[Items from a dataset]
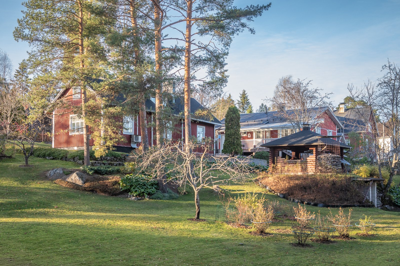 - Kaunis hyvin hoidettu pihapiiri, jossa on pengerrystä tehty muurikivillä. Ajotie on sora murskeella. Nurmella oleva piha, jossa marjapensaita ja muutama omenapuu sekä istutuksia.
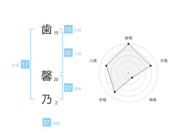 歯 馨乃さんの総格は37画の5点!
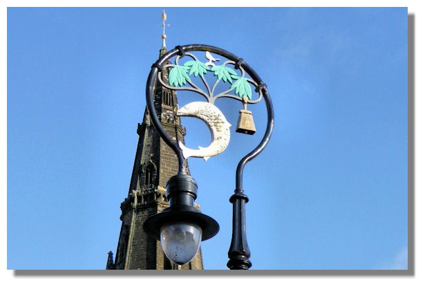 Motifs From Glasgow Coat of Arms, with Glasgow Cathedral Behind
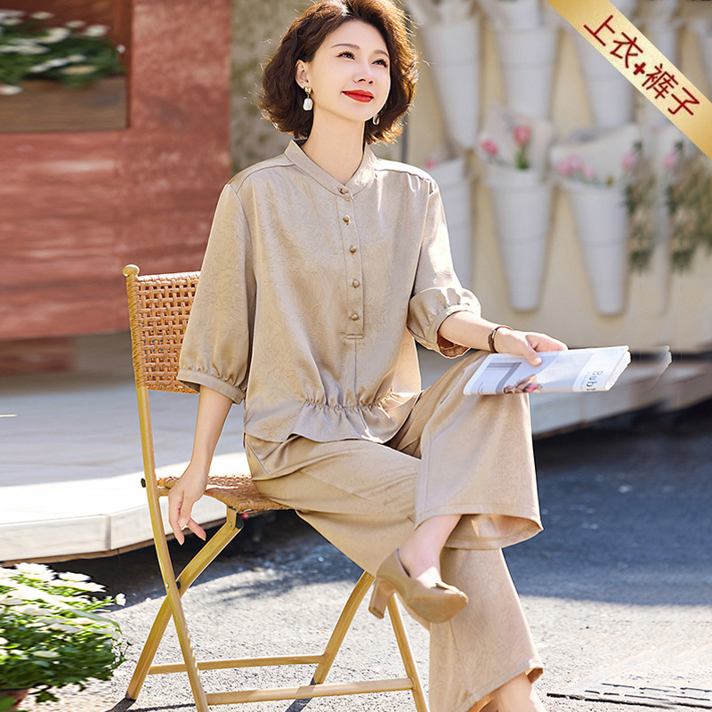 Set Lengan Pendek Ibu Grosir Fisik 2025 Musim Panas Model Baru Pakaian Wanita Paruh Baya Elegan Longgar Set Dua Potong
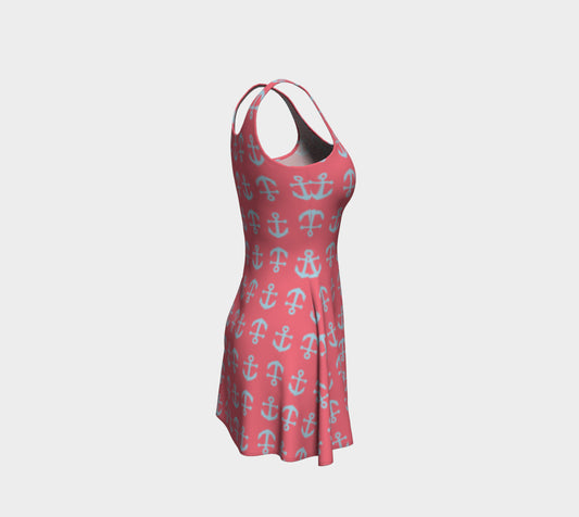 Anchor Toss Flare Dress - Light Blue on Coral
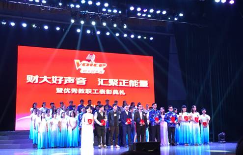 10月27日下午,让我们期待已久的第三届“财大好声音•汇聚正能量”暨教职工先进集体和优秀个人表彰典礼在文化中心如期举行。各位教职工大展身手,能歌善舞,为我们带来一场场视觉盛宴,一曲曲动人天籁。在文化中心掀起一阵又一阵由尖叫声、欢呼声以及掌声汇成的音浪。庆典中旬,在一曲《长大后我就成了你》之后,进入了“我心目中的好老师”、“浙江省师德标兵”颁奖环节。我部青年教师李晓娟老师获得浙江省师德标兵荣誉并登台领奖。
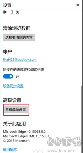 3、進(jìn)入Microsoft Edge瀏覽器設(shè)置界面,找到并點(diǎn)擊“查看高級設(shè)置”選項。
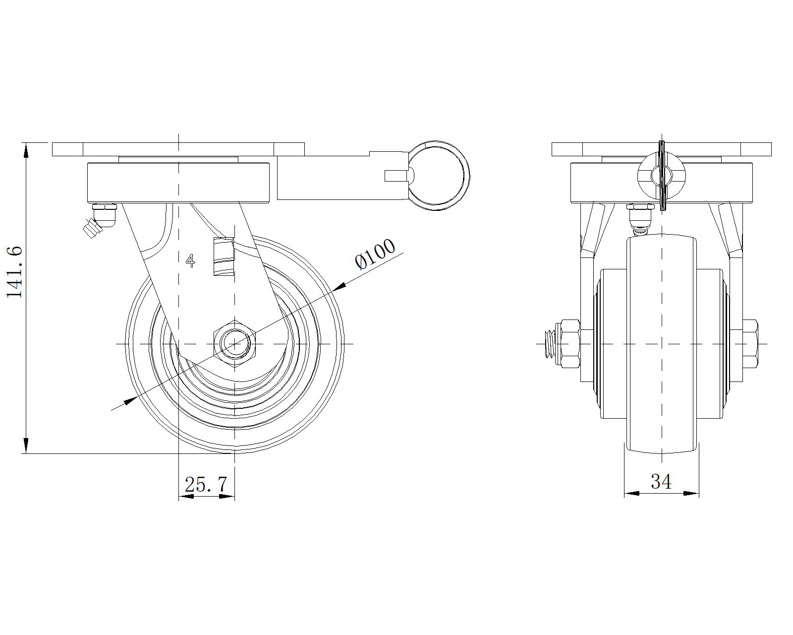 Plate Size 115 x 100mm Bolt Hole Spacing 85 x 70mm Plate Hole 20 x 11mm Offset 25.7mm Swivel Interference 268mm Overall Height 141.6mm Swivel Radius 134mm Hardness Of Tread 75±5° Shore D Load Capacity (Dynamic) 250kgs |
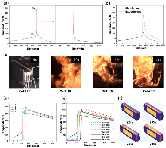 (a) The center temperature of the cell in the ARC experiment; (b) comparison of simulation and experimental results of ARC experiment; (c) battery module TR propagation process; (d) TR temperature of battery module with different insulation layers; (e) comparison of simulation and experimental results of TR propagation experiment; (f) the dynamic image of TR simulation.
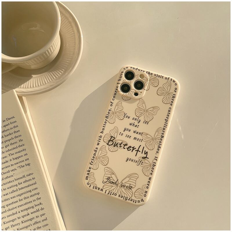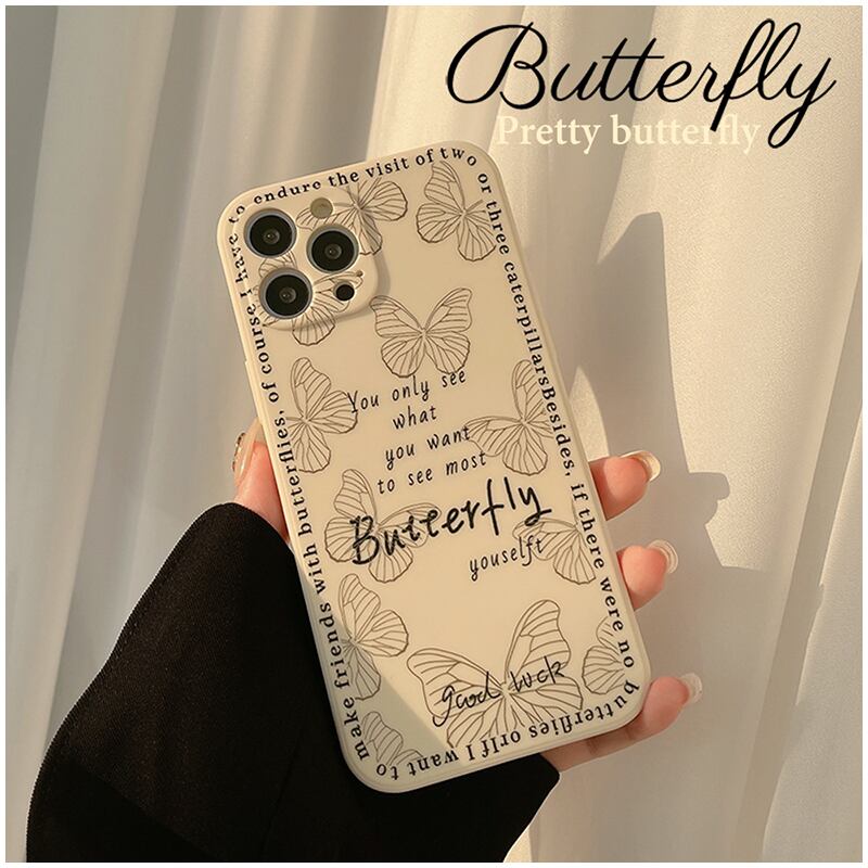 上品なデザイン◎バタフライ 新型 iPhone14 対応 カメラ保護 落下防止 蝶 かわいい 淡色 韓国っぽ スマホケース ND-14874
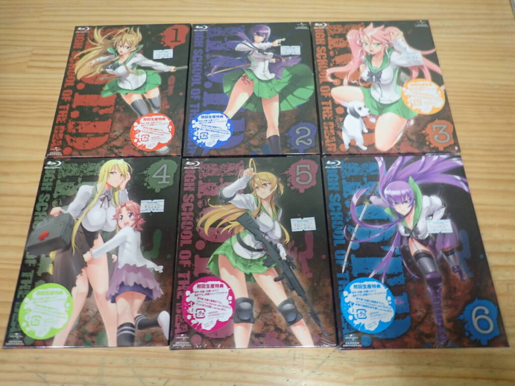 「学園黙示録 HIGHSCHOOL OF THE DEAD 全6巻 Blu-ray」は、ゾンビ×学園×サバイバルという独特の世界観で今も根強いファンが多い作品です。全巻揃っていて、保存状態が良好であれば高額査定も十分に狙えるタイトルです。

TO DO →
After locating the line containing "10月27日下午,让我们期待" in the entries above, repeat only it and each later line through the end, exactly, without any pictures.

REPLY →
 10月27日下午,让我们期待已久的第三届“财大好声音•汇聚正能量”暨教职工先进集体和优秀个人表彰典礼在文化中心如期举行。各位教职工大展身手,能歌善舞,为我们带来一场场视觉盛宴,一曲曲动人天籁。在文化中心掀起一阵又一阵由尖叫声、欢呼声以及掌声汇成的音浪。庆典中旬,在一曲《长大后我就成了你》之后,进入了“我心目中的好老师”、“浙江省师德标兵”颁奖环节。我部青年教师李晓娟老师获得浙江省师德标兵荣誉并登台领奖。
 3、進(jìn)入Microsoft Edge瀏覽器設(shè)置界面,找到并點(diǎn)擊“查看高級設(shè)置”選項。
 Plate Size 115 x 100mm Bolt Hole Spacing 85 x 70mm Plate Hole 20 x 11mm Offset 25.7mm Swivel Interference 268mm Overall Height 141.6mm Swivel Radius 134mm Hardness Of Tread 75±5° Shore D Load Capacity (Dynamic) 250kgs |
 (a) The center temperature of the cell in the ARC experiment; (b) comparison of simulation and experimental results of ARC experiment; (c) battery module TR propagation process; (d) TR temperature of battery module with different insulation layers; (e) comparison of simulation and experimental results of TR propagation experiment; (f) the dynamic image of TR simulation.
 上品なデザイン◎バタフライ 新型 iPhone14 対応 カメラ保護 落下防止 蝶 かわいい 淡色 韓国っぽ スマホケース ND-14874
 「学園黙示録 HIGHSCHOOL OF THE DEAD 全6巻 Blu-ray」は、ゾンビ×学園×サバイバルという独特の世界観で今も根強いファンが多い作品です。全巻揃っていて、保存状態が良好であれば高額査定も十分に狙えるタイトルです。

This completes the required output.